==== Data ====

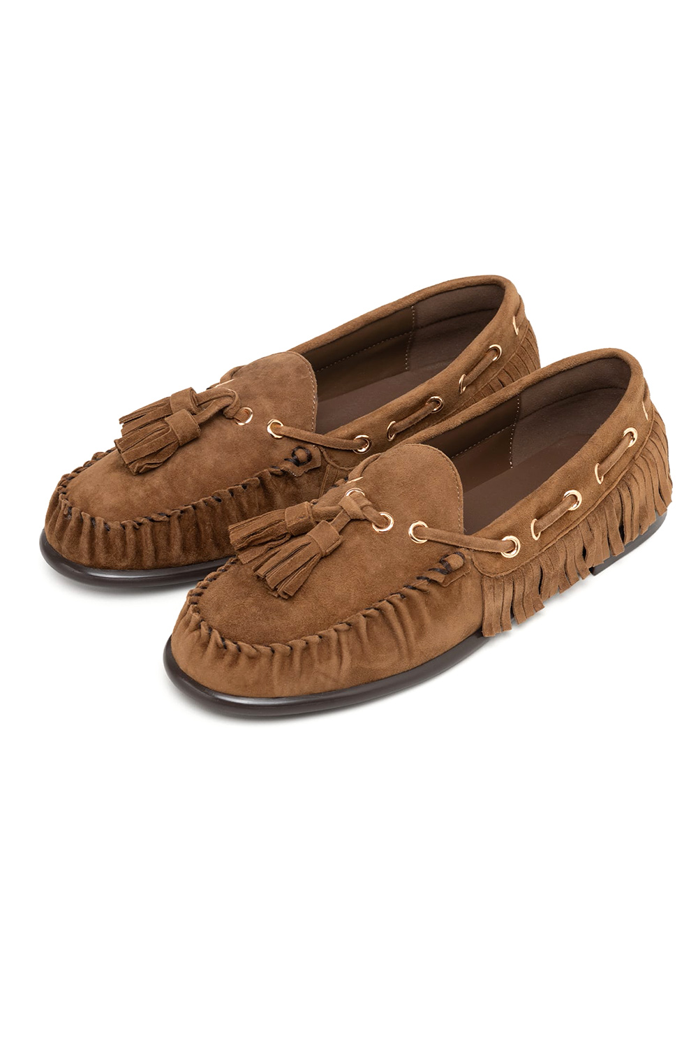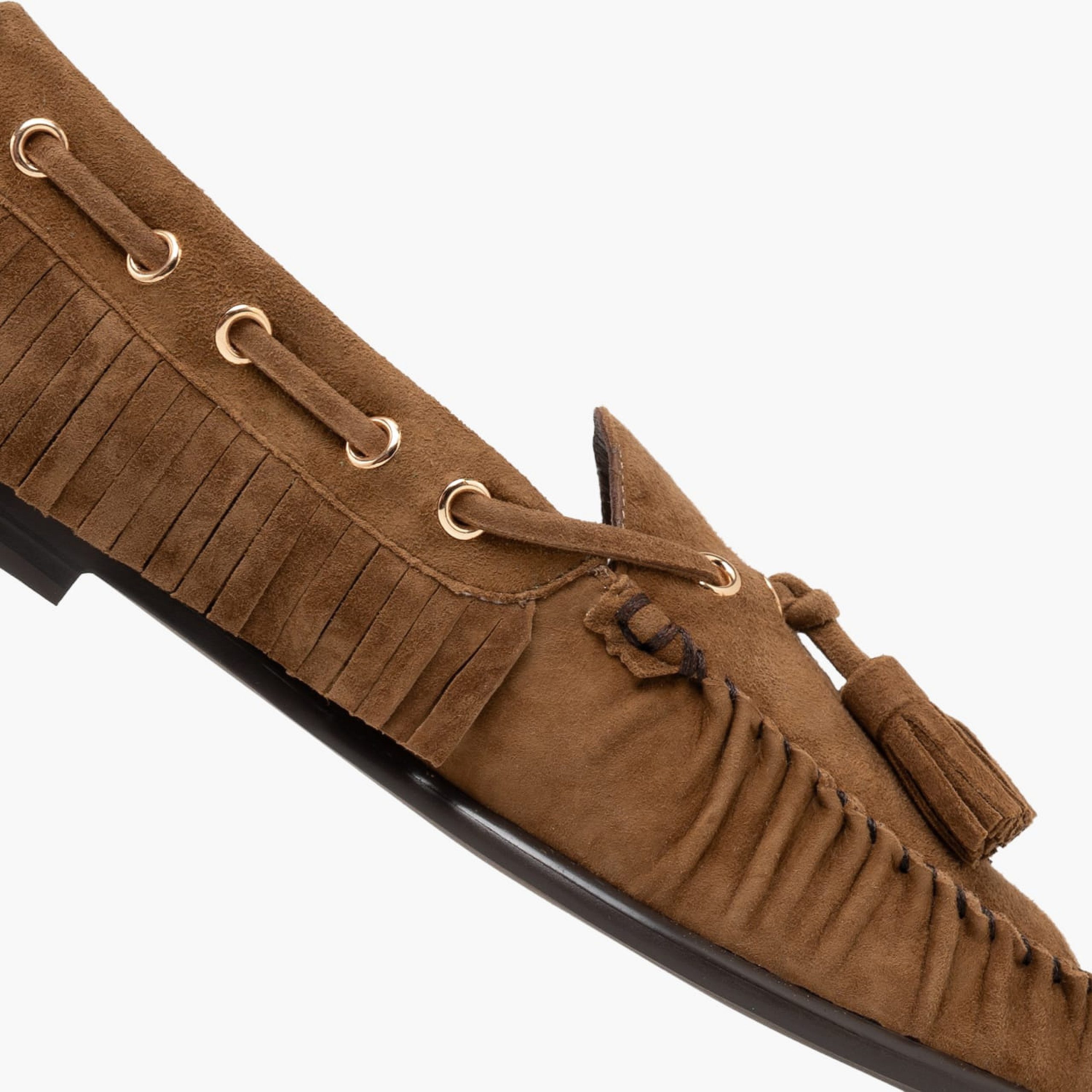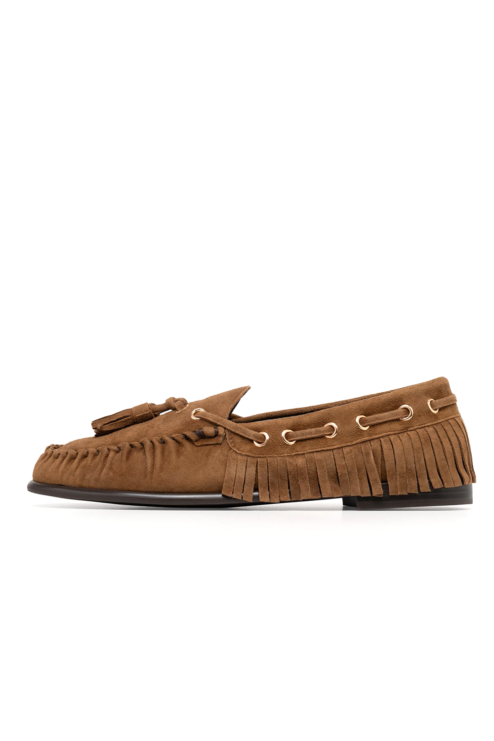 Ένα ιδιαίτερο flat σχέδιο που συνδυάζει άνεση και στιλ, ιδανικό για καθημερινές αλλά και πιο προσεγμένες εμφανίσεις. Διαθέτει κλασική γραμμή moccasin, διακοσμητικά κορδόνια με χρυσές λεπτομέρειες, κρόσσια στο πλάι και tassels στο επάνω μέρος που χαρίζουν boho chic χαρακτήρα. Η μαλακή υφή του και η επίπεδη σόλα το κάνουν ιδανική επιλογή για όλες τις ώρες της ημέρας.
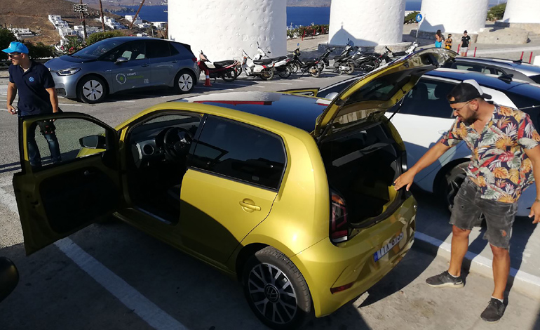 Παράλληλα, την ίδια περίοδο έγινε η παράδοση ενός στόλου ηλεκτρικών αυτοκινήτων στις εταιρείες ενοικίασης (Rent a Car) που δραστηριοποιούνται στο νησί. Η συγκεκριμένη ενέργεια έγινε στο πλαίσιο ειδικής συνεργασίας με τις επιχειρήσεις αυτές, που στόχο έχει τη χρήση των ηλεκτρικών αυτοκινήτων κατά τη διάρκεια της θερινής περιόδου για απόκτηση πολύτιμης εμπειρίας στην ένταξη και διαχείριση ηλεκτρικών οχημάτων στους στόλους τους.
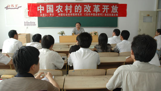 2008年9月22日下午,中国社会科学院当代中国研究所研究员、《当代中国史研究》杂志社李文副主编在龙山校区文溯楼400教室作了题为“中国农村的改革开放”的学术报告。安庆师范学院党委副书记、院长汪青松教授出席了报告会。政法学院“科学社会主义与国际共产主义运动”专业07、08级研究生以及部分教师听取了报告。报告会由政法学院副院长罗本琦教授主持。
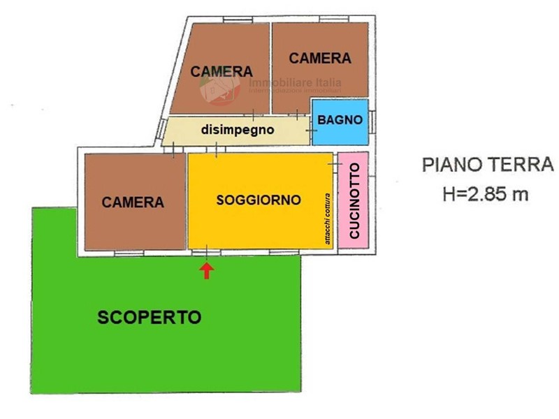 Si accede dal giardino di proprieta di circa 70mq, momentaneamente piastrellato con la presenza di una casetta di legno comoda come deposito.
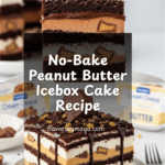 Keywords: Peanut Butter Icebox Cake, no bake dessert, peanut butter cheesecake, Reese’s dessert, graham cracker cake, easy summer dessert, chocolate peanut butter cake
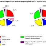 Structura valorică a producţiei animale la principalele specii şi grupe de produse prezintă mici diferenţe în anul 2015 faţă de anul precedent.
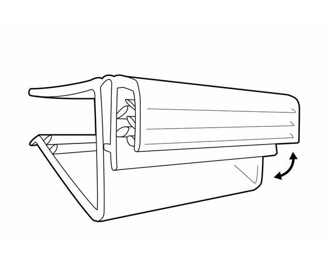 Versatile Hinged Gripper Sign Holder for secure and flush display on shelves. Built-in hinge for easy access. Durable PVC material for signs up to 0.080" thick.
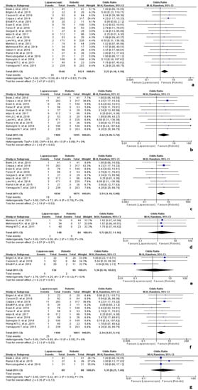 The results of the studies about colorectal surgery are shown in Figure 3. Nineteen studies [30,33,37,41,43,45,46,52,57,61,65,71,72,78,80,81,84,91,92] included in the final analysis were including colorectal surgery cases and involved 2969 procedures, of which 1548 laparoscopic and 1421 robotic. Of the included studies, eleven were on colorectal cancer [30,41,45,46,52,57,61,65,80,84,92], three on rectocele or rectal prolapse [71,72,91] and three on diverticular disease patients [33,37,43]. Ozben et al. [78] described surgical procedures related to both benign and malign diseases. Rencuzogullari et al. [81] was the only one to report surgical proctectomy performed for IBD, so it was excluded from the subgroup analysis.
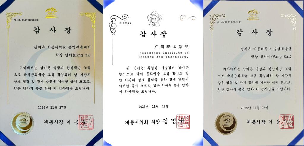 11月27日,bevictor伟德官网师生受韩国鸡龙市政府邀请抵达韩国鸡龙文化艺术殿堂进行文化交流。作为鸡龙市政府极具影响力的系列国际文化交流活动,此次邀约延续了其高品质的跨国合作传统——2023 年曾邀请蒙古国国立艺术团到访,2024 年迎来马来西亚艺术团交流,2025年则将这份文化邀约赠予韦德官方网站艺术团。本次活动由丁义经理担任艺术总监,王恺副经理担任团长,率领韦德官方网站喻娇、周旭、李雨晨、赵轩艺、胡慧洁5位教师及14名舞蹈系优秀员工作为韦德官方网站艺术团代表出席活动,以精湛才艺搭建中韩文化交流的坚实桥梁。鸡龙市位于大韩民国忠清南道,是韩国唯一汇集陆、海、空三军本部的“国防首都”,在国家战略与军事文化领域具有举足轻重的地位。
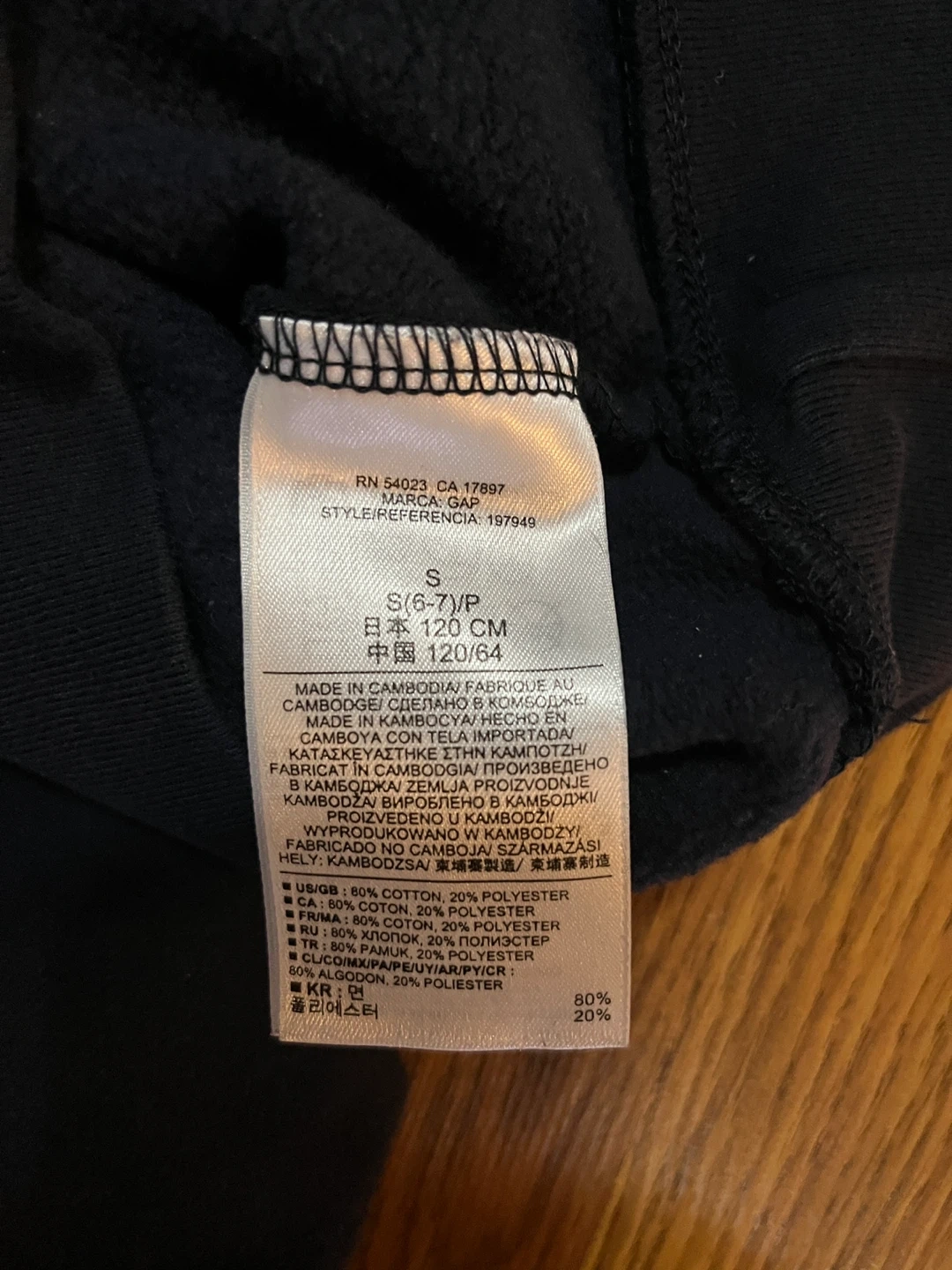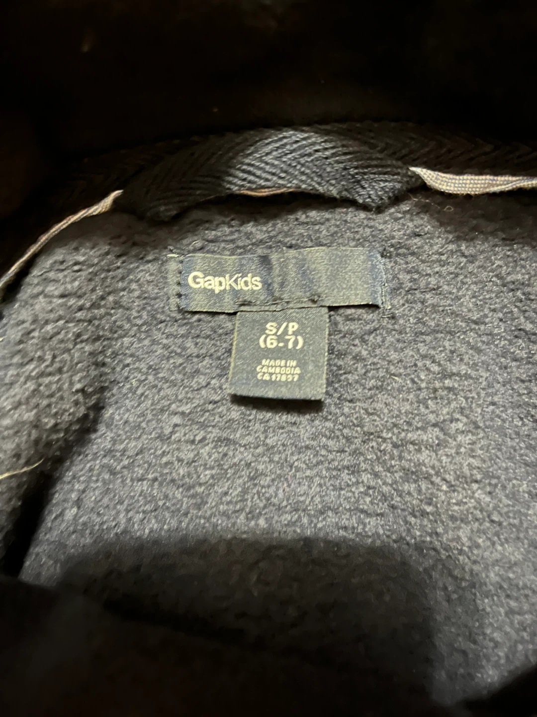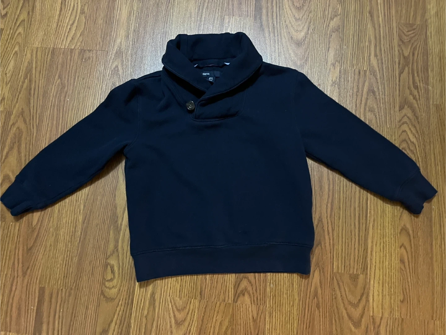 GapKids boys’ long sleeve pullover in navy blue. Sweatshirt-style fabric with a shawl collar neckline that has a button and loop closure. Minimal design with ribbed cuffs and waist for a classic, preppy look.

====

Task directions - Within these entries, output exactly the lines starting at the one with "Structura valorică a" and finishing at the one with "Versatile Hinged Gripper". Leave pictures out of the output.

Task output -
 Structura valorică a producţiei animale la principalele specii şi grupe de produse prezintă mici diferenţe în anul 2015 faţă de anul precedent.
 Versatile Hinged Gripper Sign Holder for secure and flush display on shelves. Built-in hinge for easy access. Durable PVC material for signs up to 0.080" thick.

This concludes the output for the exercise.